What we need is a new winter festival, one that hasn’t been corrupted by Americanism, commercialism, and Pret a Manger, a new way to rage against the dying of the light and bring back the setting sun. For much of European peasant history, the big event of the winter has been the pig-killing festival, the whole village coming together to slaughter and to create, curing and salting and hanging meat to see them through the dark days. I appreciate that most people don’t have a pig to slaughter; still, perhaps we could nod to the toils of our ancestors, and make black pudding. Besides being delicious, it is ridiculously cheap, although you’ll need a couple of specialist ingredients. This recipe is adapted from the excellent Nose To Tail iteration, and makes a flat, Yorkshire-style loaf.

BLACK PUDDING

Buy dried blood off the internet (here is good); you’ll have to ask a butcher for back fat. I got mine free, but we’re good pals. It shouldn’t be expensive, anyway. I guess you could use fat snipped off back bacon? Mr Henderson suggests salted lardo if you can’t find raw fat.

Serves 8-10

1 spanish onion, finely chopped

6 cloves of garlic, finely chopped

A chunk of lard

A small bunch of sage, finely chopped

Half a nutmeg, grated

1 tsp allspice

150g dried pig blood

150g fine polenta

250g back fat, chopped into little cubes

salt and pepper

Preheat the oven to Gas Mark 3, and line a loaf tin with clingfilm.

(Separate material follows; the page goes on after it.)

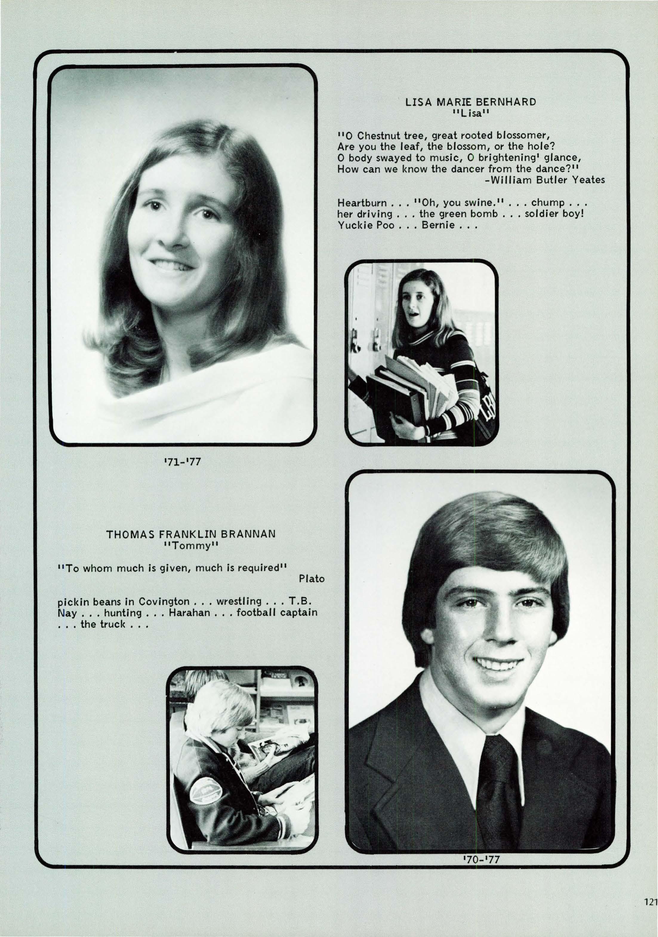 TOMMY BRANNAN - J.V. Football 1; Varsity Football 2, co-captain 3, 4; Wrestling 1, 2, co-captain 3, 4; A~t 1, 2, 4.

Melt the lard in a big pan, then sweat the onion and garlic until soft and translucent. Meanwhile, whisk the dried blood into a litre of blood-temperature water. When the onion is done, tip in the sage and spices, cook out for a minute, then add the polenta and blood. Turn the heat right down, and cook, stirring, until it starts to congeal and thicken. Blood is very like eggs, so imagine a custard. You don’t want it to set yet. Taste (this is gross, more because of the raw polenta than the semi-cooked blood), and season appropriately. It wants a surprising amount of salt, and a free hand with the pepper.

Take off the heat and stir in the back fat – you want it evenly spread through the bloody porridge. Pour into your loaf tin, which you cover with foil and place, on a folded tea towel, in a good deep oven tray. Pour boiling water to just under the lip of the tin, then carefully slide into the oven. Back for about 1 and a half to 2 hours, until a knife comes out cleanish, then leave to set overnight.

To eat, slice appropriately, and fry or bake until hot and crispy. Serve, perhaps, with black badger peas and black kale, on the shortest day of the year.